▶ _BRIEF_
Take the listing from its first line through the line that contains "صورة التقطت أمس" and please retype those lines exactly, leaving out the pictures.

▶ _GIVEN DATA_
····················
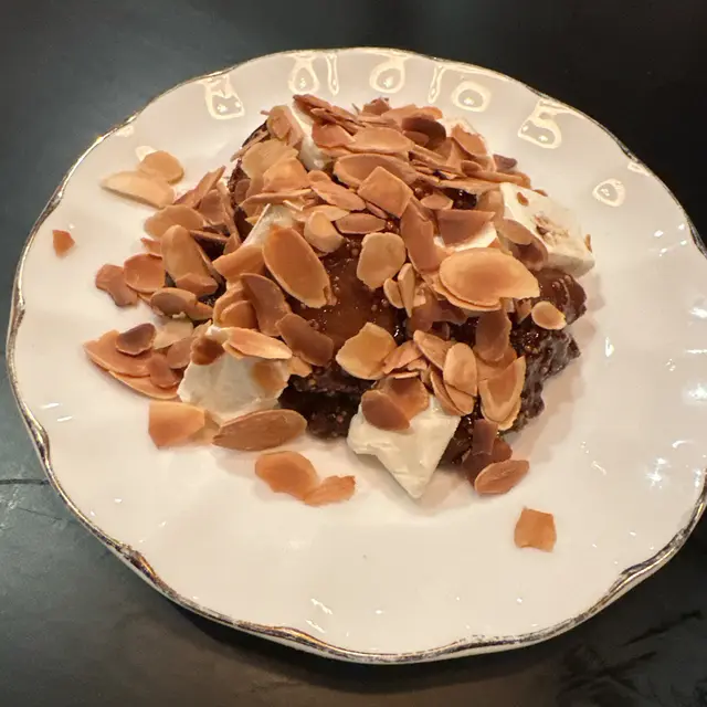 3)芝士黑醋無花果(西) - 呢款好創新,沾上黑醋無花果輕輕一燒,香甜與酸味充斥味蕾,加上香口杏仁片同香滑芝士,口感層次豐富
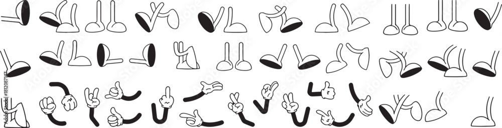 • Retro cartoon legs and hands, Hands with gloves and feet with boots, various poses for characters, a set of poses, gestures, placement of hands and feet. Mascot character set. Cartoon set of limbs.
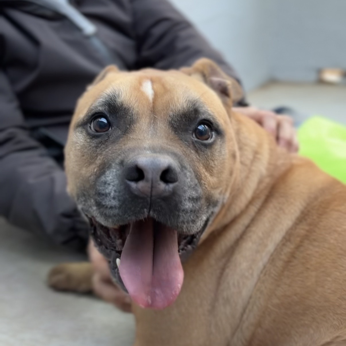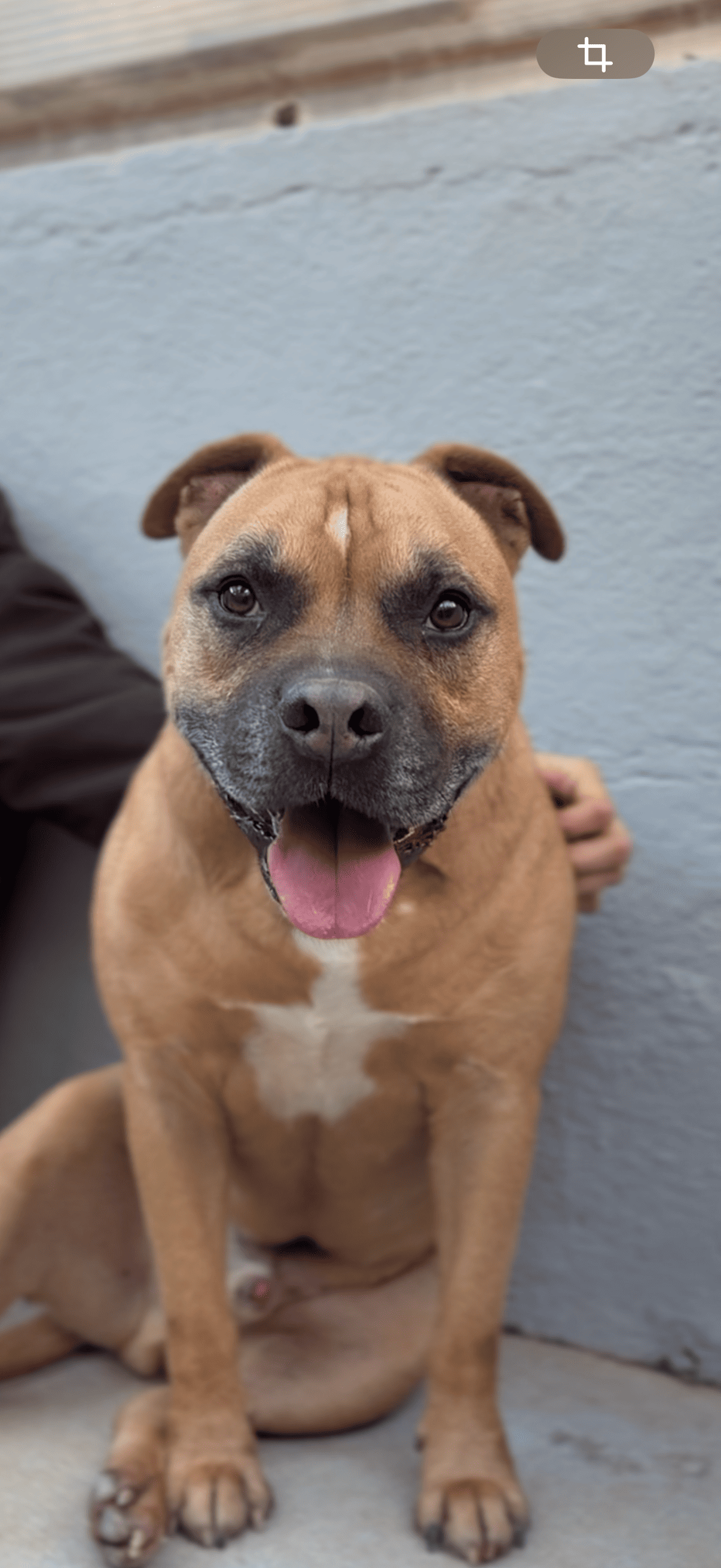 Humo es un mix de pitbull cariñoso y tranquilote al que le encanta pasear y que te sientes un ratito con él. Ya le toca encontrar una familia para siempre, que no le deje tirado.
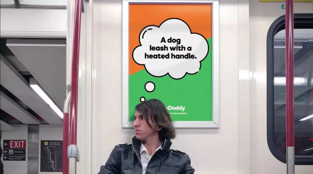 以往的护肤品都会请明星代言,但Consonant秉承着有墙就能打广告的原则,将创意发挥到了极致。GoDaddy地铁上的小创意
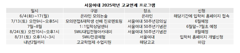 [베리타스알파=김하연 기자] 서울여대가 2025학년 고교대학연계 프로그램 운영 일정을 최근 공개했다. 서울여대는 올해 학생/학부모/교사를 대상으로 온라인 모의논술부터 모의면접, 1:1입학상담, SWU대입전형아카데미, SWU전공체험, 고교학점제 수업지원까지 풍성한 프로그램을 마련해 수험생들의 대입 준비를 돕는다.
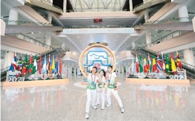 2021年7月31日,第44届世界遗产大会在福建省福州市闭幕。图为志愿者在大会主会场——福州海峡国际会展中心内留影。
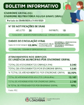 A Prefeitura de Londrina começou a divulgar um boletim semanal com informações sobre casos de Síndrome Respiratória Aguda Grave (SRAG) e Síndrome Gripal (SG). O material é publicado pela Secretaria Municipal de Saúde nos canais oficiais, como o Instagram @saudelondrinaoficial e o blog da Prefeitura. O primeiro boletim, que cobre o período de 25 a 31 de maio, registrou 45 casos de SRAG: 26 em adultos e 19 em crianças. Em 2025, já são 64 mortes por SRAG, sendo 11 por Covid-19, 10 por influenza, 2 por vírus sincicial respiratório (VSR) e outras causas. A maioria (37) ainda não teve a causa identificada.
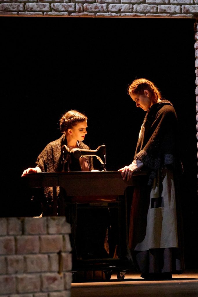 Leire Ormazabal takes part in this production as a performer, portraying multiple characters within a collective work that demands versatility and constant transformation. Her performance stands out for the creation of complex figures and her ability to bring emotional depth to each role, contributing to a production of great scenic intensity.
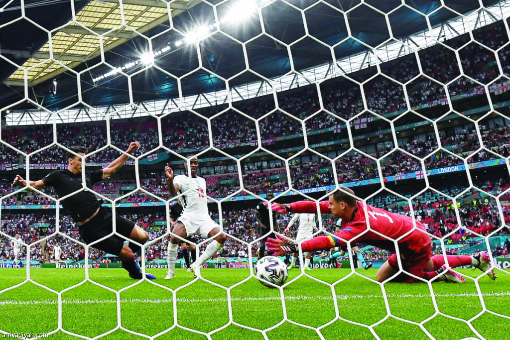 صورة التقطت أمس لرحيم ستيرلينج بعد تسديده الكرة على مرمى المنتخب الألماني مسجلًا الهدف الأول لإنجلترا.. ويظهر نوير وهوملز يحاولان التصدي لها دون فائدة (الفرنسية)
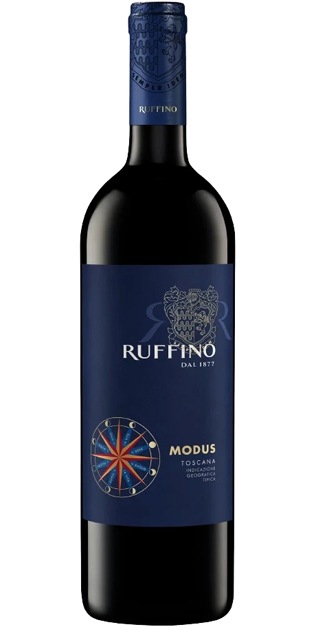 The Super Tuscan Modus, the Latin word for ‘method’, is Ruffino’s contemporary way of expressing Tuscany with a blend of three noble grape varieties. First introduced in 1997, Modus routinely garners exceptional acclaim from the top wine critics worldwide. Sangiovese is the core of Modus, providing refined texture along with cherry and red berry aromas. The Merlot offers smoothness enriched by blackberry fruit and delicate notes of mint, while the Cabernet Sauvignon lends structure, and also unites all three grape types with its elegance. Modus’ label features a compass that artfully represents the meticulous balance of all the elements that come together to give this wine its distinctive character: vines, sun, fruit, soil, dedication and the passage of time.
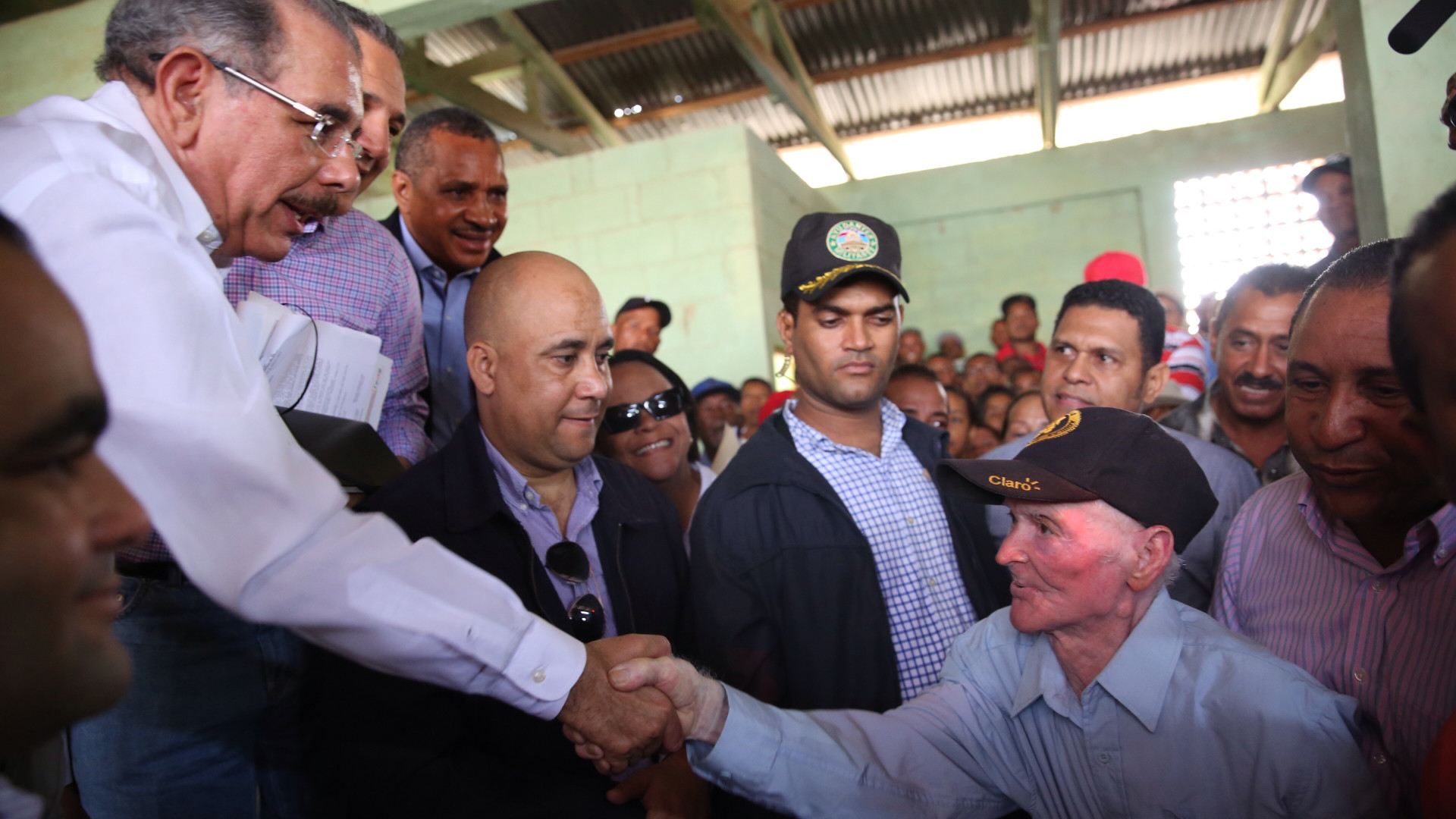 Presidente Medina cuando recibe saludos de comunitarios presentes durante su visita sorpresa para reunirse con productores de la zona.
····················
▶ _RESULT_
 3)芝士黑醋無花果(西) - 呢款好創新,沾上黑醋無花果輕輕一燒,香甜與酸味充斥味蕾,加上香口杏仁片同香滑芝士,口感層次豐富
 • Retro cartoon legs and hands, Hands with gloves and feet with boots, various poses for characters, a set of poses, gestures, placement of hands and feet. Mascot character set. Cartoon set of limbs.
 Humo es un mix de pitbull cariñoso y tranquilote al que le encanta pasear y que te sientes un ratito con él. Ya le toca encontrar una familia para siempre, que no le deje tirado.
 以往的护肤品都会请明星代言,但Consonant秉承着有墙就能打广告的原则,将创意发挥到了极致。GoDaddy地铁上的小创意
 [베리타스알파=김하연 기자] 서울여대가 2025학년 고교대학연계 프로그램 운영 일정을 최근 공개했다. 서울여대는 올해 학생/학부모/교사를 대상으로 온라인 모의논술부터 모의면접, 1:1입학상담, SWU대입전형아카데미, SWU전공체험, 고교학점제 수업지원까지 풍성한 프로그램을 마련해 수험생들의 대입 준비를 돕는다.
 2021年7月31日,第44届世界遗产大会在福建省福州市闭幕。图为志愿者在大会主会场——福州海峡国际会展中心内留影。
 A Prefeitura de Londrina começou a divulgar um boletim semanal com informações sobre casos de Síndrome Respiratória Aguda Grave (SRAG) e Síndrome Gripal (SG). O material é publicado pela Secretaria Municipal de Saúde nos canais oficiais, como o Instagram @saudelondrinaoficial e o blog da Prefeitura. O primeiro boletim, que cobre o período de 25 a 31 de maio, registrou 45 casos de SRAG: 26 em adultos e 19 em crianças. Em 2025, já são 64 mortes por SRAG, sendo 11 por Covid-19, 10 por influenza, 2 por vírus sincicial respiratório (VSR) e outras causas. A maioria (37) ainda não teve a causa identificada.
 Leire Ormazabal takes part in this production as a performer, portraying multiple characters within a collective work that demands versatility and constant transformation. Her performance stands out for the creation of complex figures and her ability to bring emotional depth to each role, contributing to a production of great scenic intensity.
 صورة التقطت أمس لرحيم ستيرلينج بعد تسديده الكرة على مرمى المنتخب الألماني مسجلًا الهدف الأول لإنجلترا.. ويظهر نوير وهوملز يحاولان التصدي لها دون فائدة (الفرنسية)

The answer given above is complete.